- **PROBLEM TO WORK ON**
Nothing outside the lines below from the one containing "준비물: 식빵 1장, 계란 2개, 치즈 1장, 슬라이스햄 1장(+식용유 약간)" through the one containing "テレアポから始まり、事業のフ" is to be printed; print those exactly, ends included, and drop the pictures.

- **SOURCE DATA**
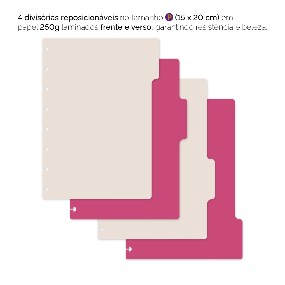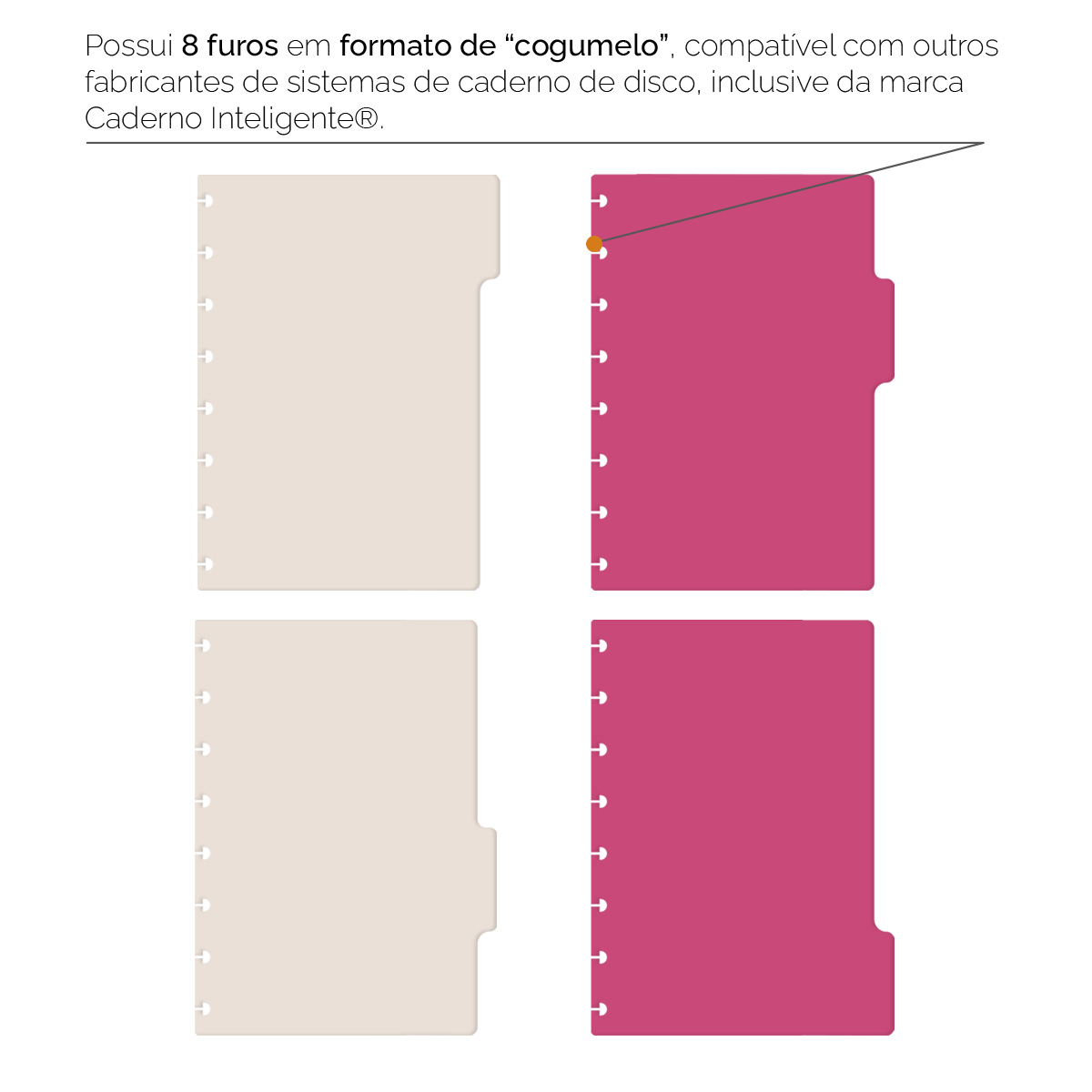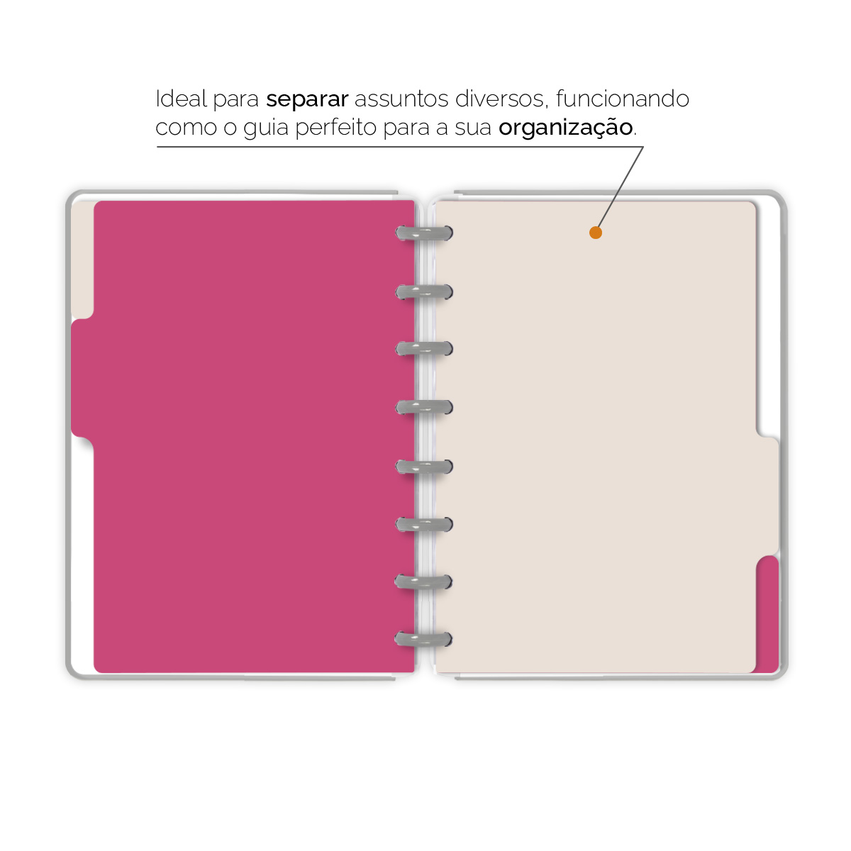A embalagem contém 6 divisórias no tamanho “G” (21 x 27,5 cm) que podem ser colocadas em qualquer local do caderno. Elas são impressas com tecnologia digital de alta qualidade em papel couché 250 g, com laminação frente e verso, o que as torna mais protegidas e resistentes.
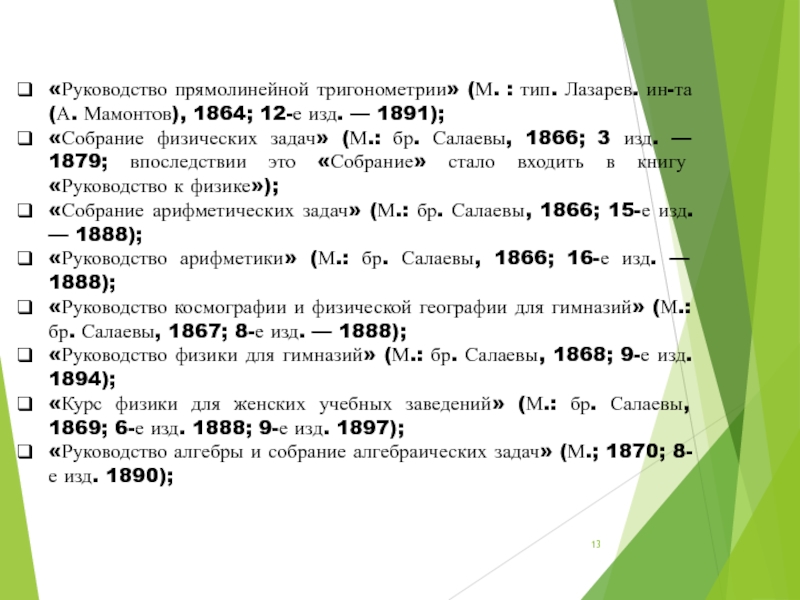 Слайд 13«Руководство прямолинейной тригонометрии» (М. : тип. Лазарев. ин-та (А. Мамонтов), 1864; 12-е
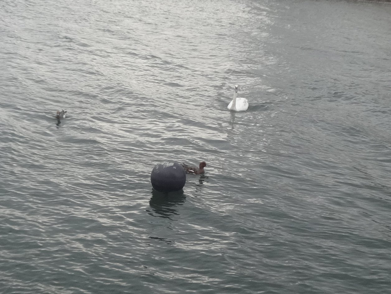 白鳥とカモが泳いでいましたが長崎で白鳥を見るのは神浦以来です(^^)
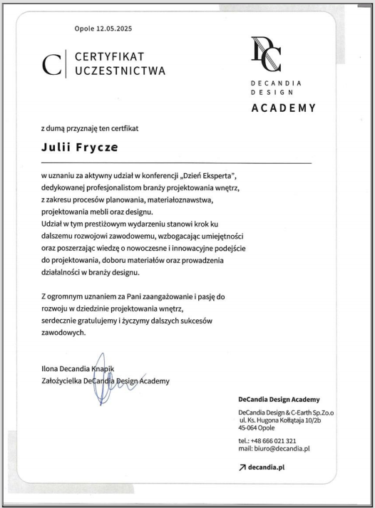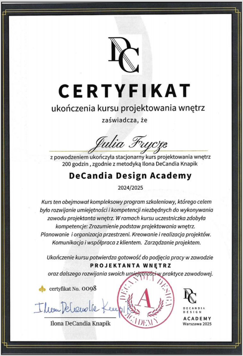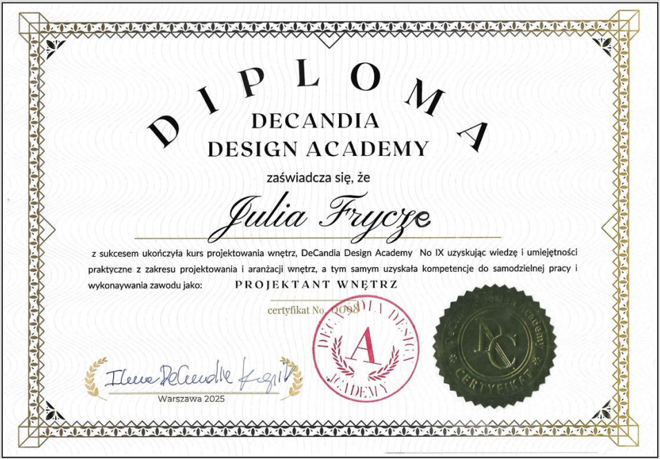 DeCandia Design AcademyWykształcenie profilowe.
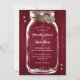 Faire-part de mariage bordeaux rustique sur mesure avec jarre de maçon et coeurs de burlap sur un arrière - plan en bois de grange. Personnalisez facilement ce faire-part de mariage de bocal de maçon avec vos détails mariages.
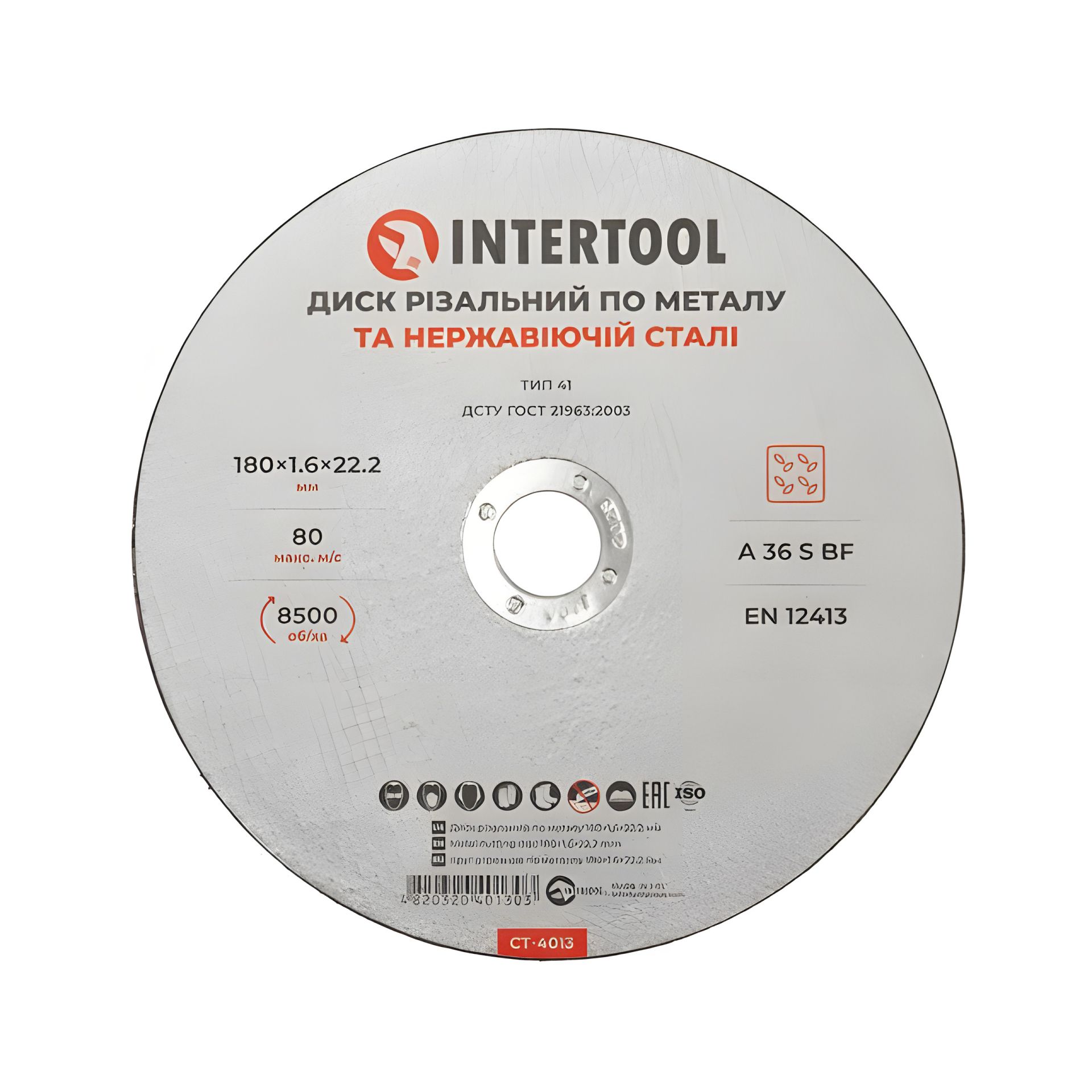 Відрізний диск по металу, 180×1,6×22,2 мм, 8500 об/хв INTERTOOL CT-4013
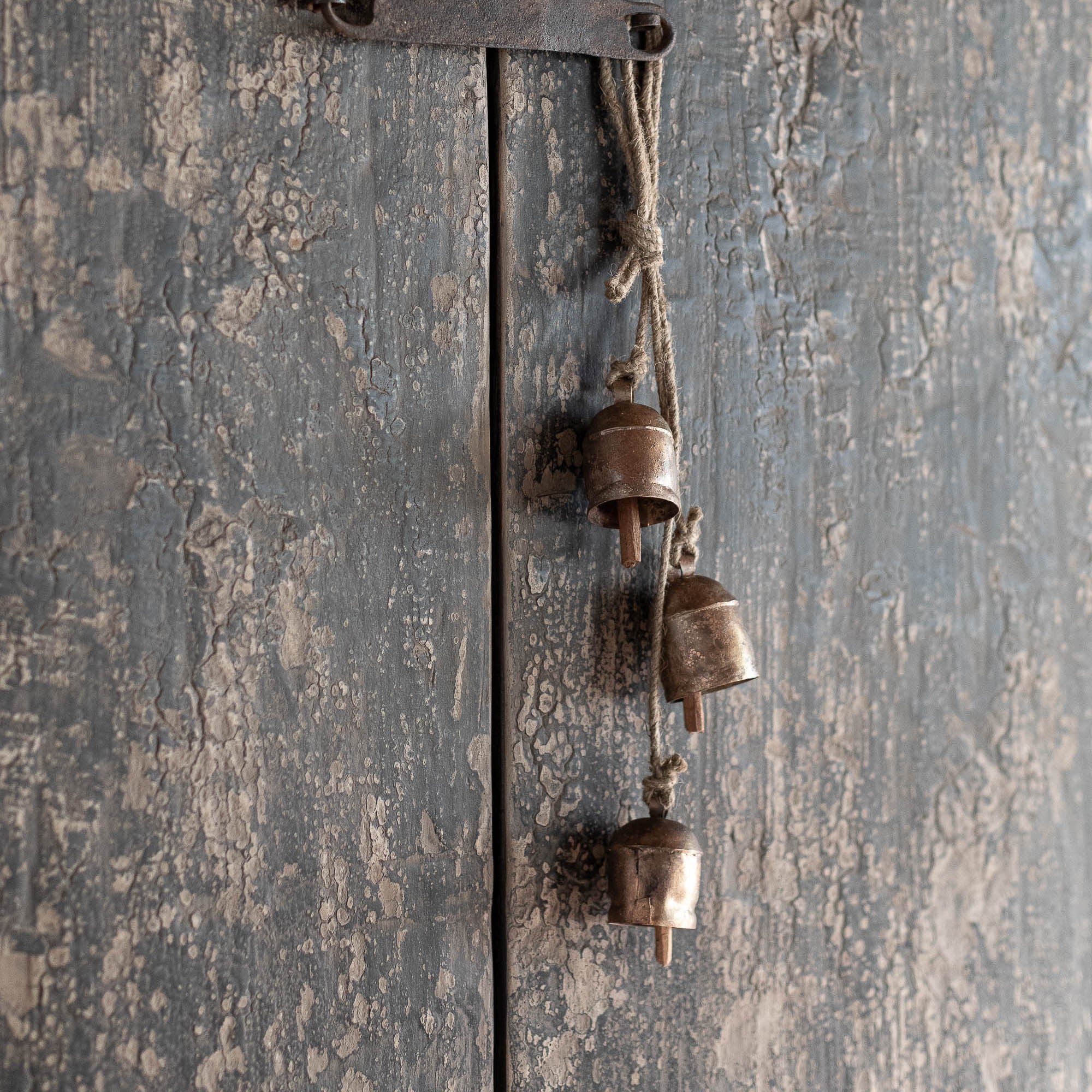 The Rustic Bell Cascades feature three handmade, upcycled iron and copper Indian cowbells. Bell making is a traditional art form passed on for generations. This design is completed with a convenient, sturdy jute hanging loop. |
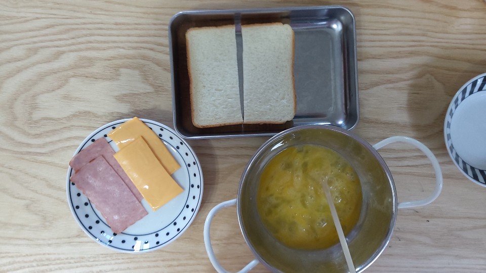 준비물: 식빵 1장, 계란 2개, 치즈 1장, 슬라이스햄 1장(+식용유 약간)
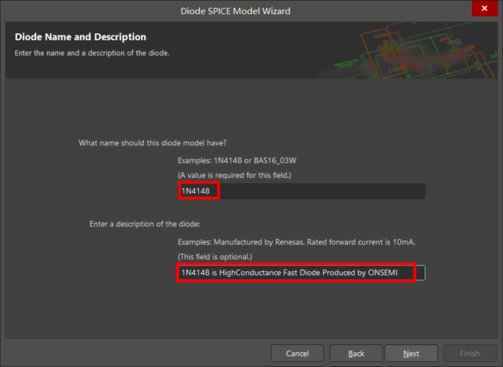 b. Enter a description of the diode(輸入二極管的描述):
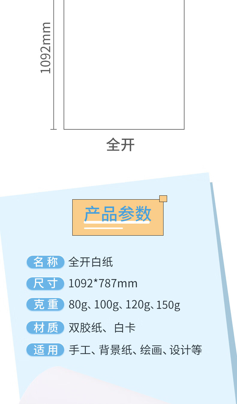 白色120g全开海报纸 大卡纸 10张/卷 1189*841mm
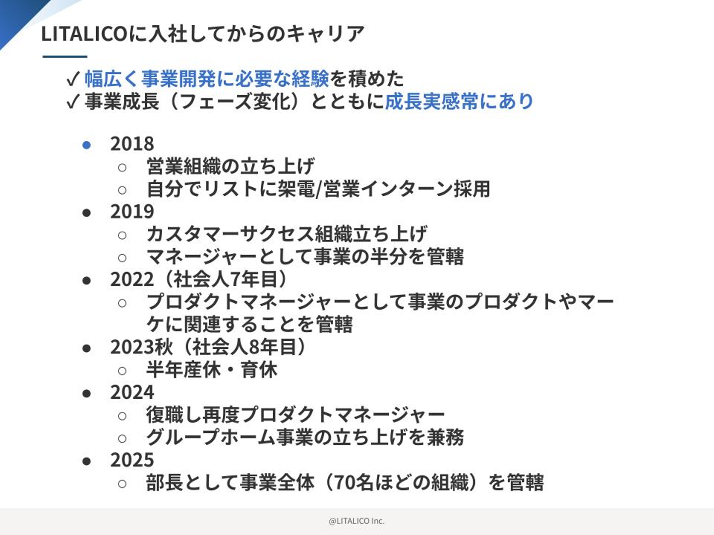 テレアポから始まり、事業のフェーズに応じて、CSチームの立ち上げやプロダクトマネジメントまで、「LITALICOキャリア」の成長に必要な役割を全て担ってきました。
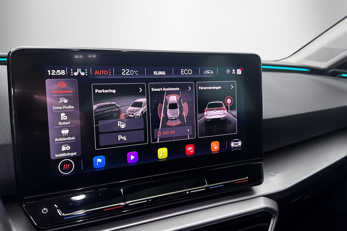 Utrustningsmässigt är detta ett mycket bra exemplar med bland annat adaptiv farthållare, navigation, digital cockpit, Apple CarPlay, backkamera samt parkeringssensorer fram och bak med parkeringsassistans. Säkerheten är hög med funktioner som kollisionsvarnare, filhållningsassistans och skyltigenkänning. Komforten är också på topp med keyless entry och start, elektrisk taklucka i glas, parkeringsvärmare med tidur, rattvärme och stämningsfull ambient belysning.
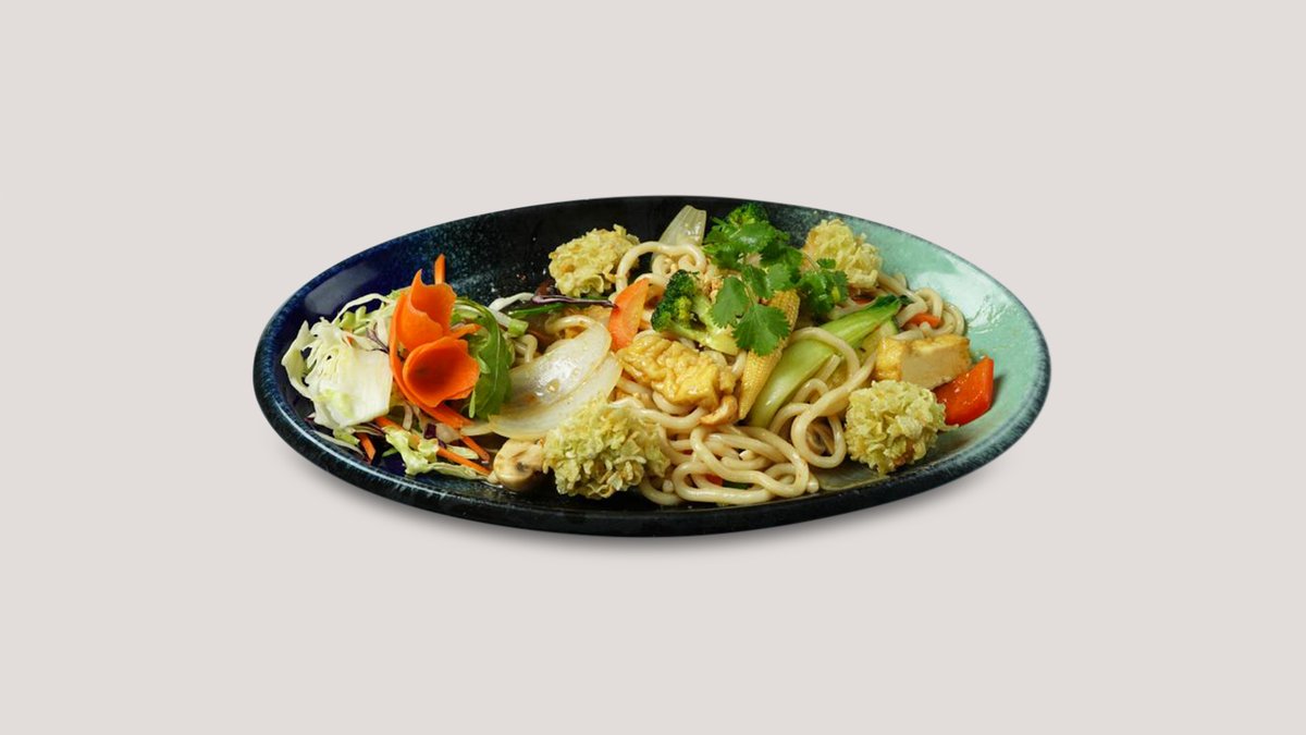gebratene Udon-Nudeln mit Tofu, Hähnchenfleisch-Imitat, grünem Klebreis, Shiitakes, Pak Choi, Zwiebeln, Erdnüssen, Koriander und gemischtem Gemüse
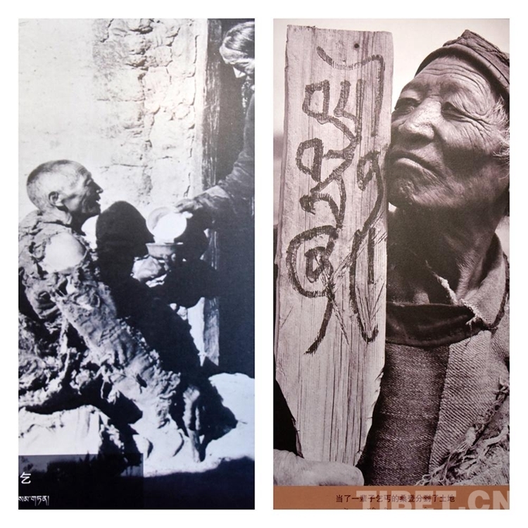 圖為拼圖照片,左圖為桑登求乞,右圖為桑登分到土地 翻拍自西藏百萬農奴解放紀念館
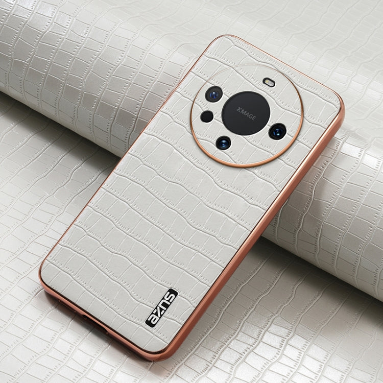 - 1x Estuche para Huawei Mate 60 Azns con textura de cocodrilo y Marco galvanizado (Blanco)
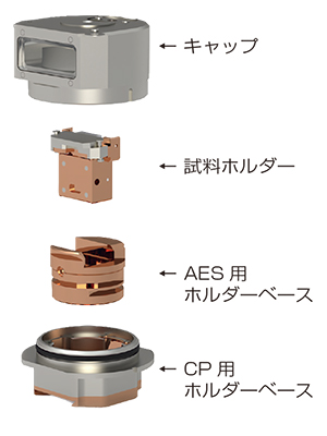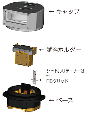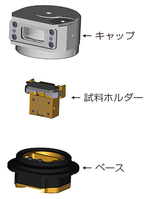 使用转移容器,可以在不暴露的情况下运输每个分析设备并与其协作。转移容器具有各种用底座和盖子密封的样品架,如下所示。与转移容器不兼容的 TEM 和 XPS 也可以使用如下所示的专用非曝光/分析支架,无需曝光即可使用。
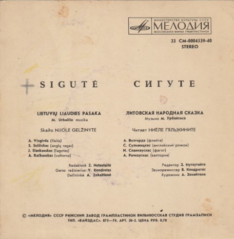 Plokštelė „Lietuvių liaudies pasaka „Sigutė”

- **TASK ANSWER**
 준비물: 식빵 1장, 계란 2개, 치즈 1장, 슬라이스햄 1장(+식용유 약간)
 b. Enter a description of the diode(輸入二極管的描述):
 白色120g全开海报纸 大卡纸 10张/卷 1189*841mm
 テレアポから始まり、事業のフェーズに応じて、CSチームの立ち上げやプロダクトマネジメントまで、「LITALICOキャリア」の成長に必要な役割を全て担ってきました。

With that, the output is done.